Problem to work on
Your reply should reproduce each line below exactly and carry none of the pictures.

Data below

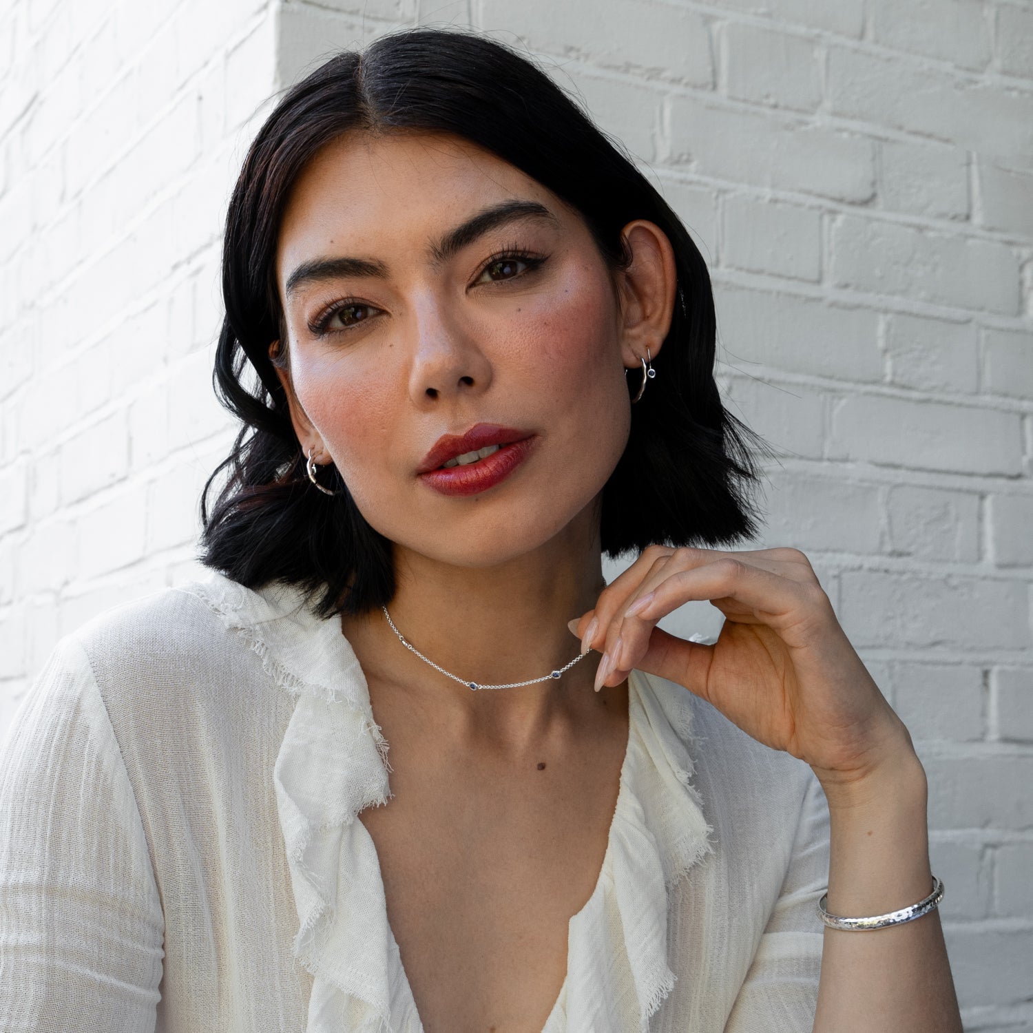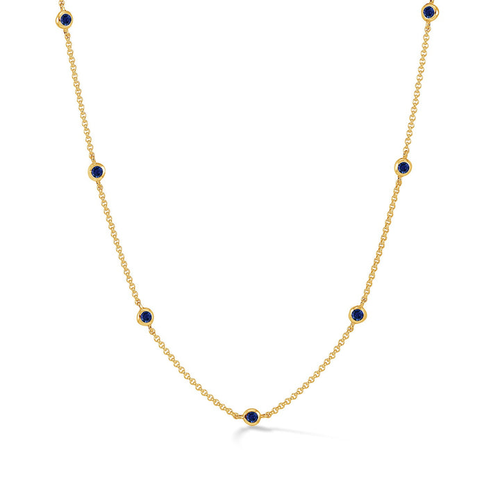This Blue Sapphire Dewdrop Chain Necklace by Dower & Hall features 9 deep blue sapphires encased in round settings along a delicate sterling silver chain. Made in the London studio, the necklace is finished with a signature lobster catch. Available in either sterling silver or yellow gold vermeil, this necklace brings a pop of color and elegance to any outfit.
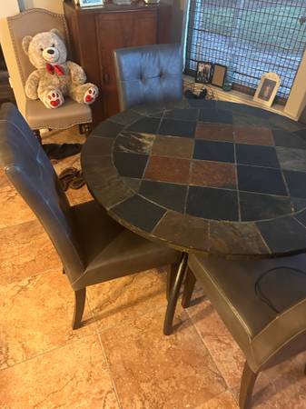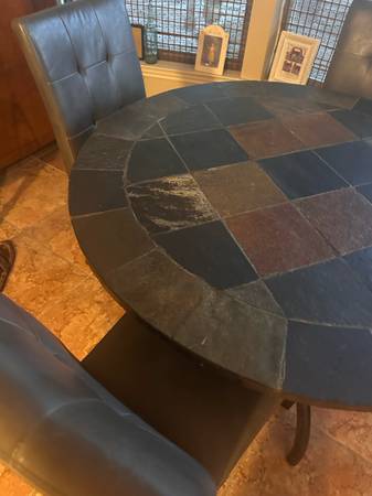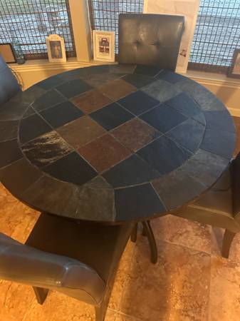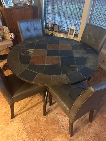 Excellent condition. Round slate top table with 5 matching chairs . . $150 Well made - like new
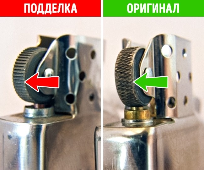 - Огляньте гніт: в оригінальній Zippo він виготовляється з полімерного матеріалу і обов'язково містить вплетенную металеву нитку, а в підробках часто застосовується дешевий гніт більш низької якості.

Result
This Blue Sapphire Dewdrop Chain Necklace by Dower & Hall features 9 deep blue sapphires encased in round settings along a delicate sterling silver chain. Made in the London studio, the necklace is finished with a signature lobster catch. Available in either sterling silver or yellow gold vermeil, this necklace brings a pop of color and elegance to any outfit.
 Excellent condition. Round slate top table with 5 matching chairs . . $150 Well made - like new
 - Огляньте гніт: в оригінальній Zippo він виготовляється з полімерного матеріалу і обов'язково містить вплетенную металеву нитку, а в підробках часто застосовується дешевий гніт більш низької якості.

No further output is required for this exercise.